Senator Linda Holmes, a Democrat from Aurora, says her city used to see more than two-dozen murders a year.
In 2011, Aurora implemented the “Crime Free Rental Housing” ordinance. Holmes said as a result, Aurora’s murder rate dropped to zero.
Holmes proposes giving all municipalities the option to adopt similar ordinances, though she says she knows the program isn’t for everyone.
HOLMES: “It’s not saying they have to have education for their landlords, it’s saying they may have it.”
Opponents, though, say the program could have unintended consequences for innocent people.
Emily Werth, with the Sargent Shriver center for poverty law, testified before a state senate committee about what happened to an abused woman who reported her husband to police.

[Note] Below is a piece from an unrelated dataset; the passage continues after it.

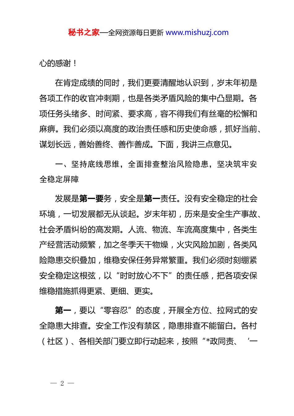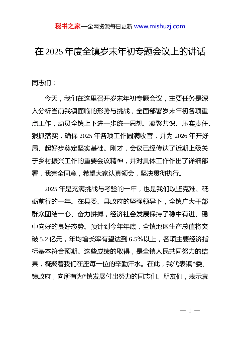 秘书之家—全网资源每日更新 www.mishuzj.com在 2025 年度全镇岁末年初专题会议上的讲话同志们:今天,我们在这里召开岁末年初专题会议,主要任务是深入分析当前我镇面临的形势与挑战,全面部署岁末年初各项重点工作,动员全镇上下进一步统一思想、凝聚共识、压实责任、狠抓落实,确保 2025 年各项工作圆满收官,并为 2026 年开好局、起好步奠定坚实基础。刚才,会议已经传达了近期上级关于乡村振兴工作的重要会议精神,并对具体工作作出了详细部署,我完全同意,希望大家认真领会,坚决贯彻执行。2025 年是充满挑战与考验的一年,也是我们攻坚克难、砥砺前行的一年。在县委、县政府的坚强领导下,全镇广大干部群众团结一心、奋力拼搏,经济社会发展保持了稳中有进、稳中向好的良好态势。预计到今年年底,全镇地区生产总值将突破 5.2 亿元,年均增长率有望达到 6.5%以上,各项主要经济指标基本符合预期。这些成绩的取得,是全镇人民共同努力的结果,凝聚着我们在座每一位的辛勤汗水。在此,我代表镇*委、镇政府,向所有为*镇发展付出努力的同志们、朋友们,表示衷— 1 —秘书之家—全网资源每日更新 www.mishuzj.com心的感谢!在肯定成绩的同时,我们更要清醒地认识到,岁末年初是各项工作的收官冲刺期,也是各类矛盾风险的集中凸显期。各项任务头绪多、时间紧、要求高,容不得我们有丝毫的松懈和麻痹。我们必须以高度的政治责任感和历史使命感,抓好当前、谋划长远,善始善终、善作善成。下面,我讲三点意见。一、坚持底线思维,全面排查整治风险隐患,坚决筑牢安全稳定屏障发展是第一要务,安全是第一责任。没有安全稳定的社会环境,一切发展都无从谈起。岁末年初,历来是安全生产事故、社会矛盾纠纷的高发期。人流、物流、车流高度集中,各类生产经营活动频繁,加之冬季天干物燥,火灾风险加剧,各类风险隐患交织叠加,维稳安保任务异常繁重。我们必须时刻绷紧安全稳定这根弦,以“时时放心不下”的责任感,把各项安保维稳措施抓得更紧、更细、更实。第一,要以“零容忍”的态度,开展全方位、拉网式的安全隐患大排查。安全工作没有禁区,隐患排查不能留白。各村(社区)、各相关部门要立即行动起来,按照“*政同责、‘一— 2 —秘书之家—全网资源每日更新 www.mishuzj.com岗双责’、齐抓共管、失职追责”的要求,主要负责同志要亲自带队,深入一线,对辖区内所有行业领域开展一次彻底的、无死角的“地毯式”排查。要重点聚焦安全生产、消防安全、道路交通、建筑施工、食品药品安全、燃气安全、危化品管理等关键领域。对于企业车间、在建工地、九小场所、学校医院、养老机构、大型商超等人员密集场所,要作为重中之重,反复检查,确保不漏一处、不放过一个疑点。排查不能走过场、搞形式,要真正沉下去,用“放大镜”去查找问题,用“显微镜”去分析根源。第二,要以“钉钉子”的精神,建立台账、闭环管理,确保问题整改动态清零。发现问题是能力,解决问题才是水平。对于排查出的所有风险隐患,必须建立详尽的台账,形成“问题清单、责任清单、整改清单”。每一项隐患都要明确整改责任主体、具体责任人、整改措施和完成时限,做到“一患一策”。对能够立即整改的,要立行立改、马上就办;对短期内难以根治的,要制定严密的防范监控措施,并倒排工期、挂图作战、限期销号。镇安委办要发挥好牵头抓总作用,加强统筹协调和督办检查,对整改情况进行跟踪问效,整改一个、销号一个,坚决杜绝“纸上整改”“虚假整改”。根据近期初步摸— 3 —秘书之家—全网资源每日更新 www.mishuzj.com排,全镇共发现各类隐患 158 处,目前已完成整改销号的比例超过 95%,但剩下的都是难啃的“硬骨头”,必须集中力量攻坚,确保在年底前全部清零。第三,要以“法治化”的思维,加强源头治理和综合稳控。安全稳定工作,功夫要下在平时。我们要持续强化法治宣传教育,特别是要提升基层干部运用法治思维和法治方式化解矛盾、处理问题的能力。要深入开展矛盾纠纷排查化解工作,密切关注征地拆迁、劳资纠纷、邻里关系等领域的苗头性、倾向性问题,做到早发现、早介入、早化解,...

WERTH: “The local police department informed my client’s landlord that the husband’s arrest had triggered the city’s crime free housing ordinance, so the landlord served my client with notice that she and her young daughter would be evicted. Understandably, this left my client terrified of ever seeking out police help again.”
In addition to letting landlords kick out criminal tenants, a crime free housing ordinance could require a landlord take crime prevention training, or mandate background checks on all tenants.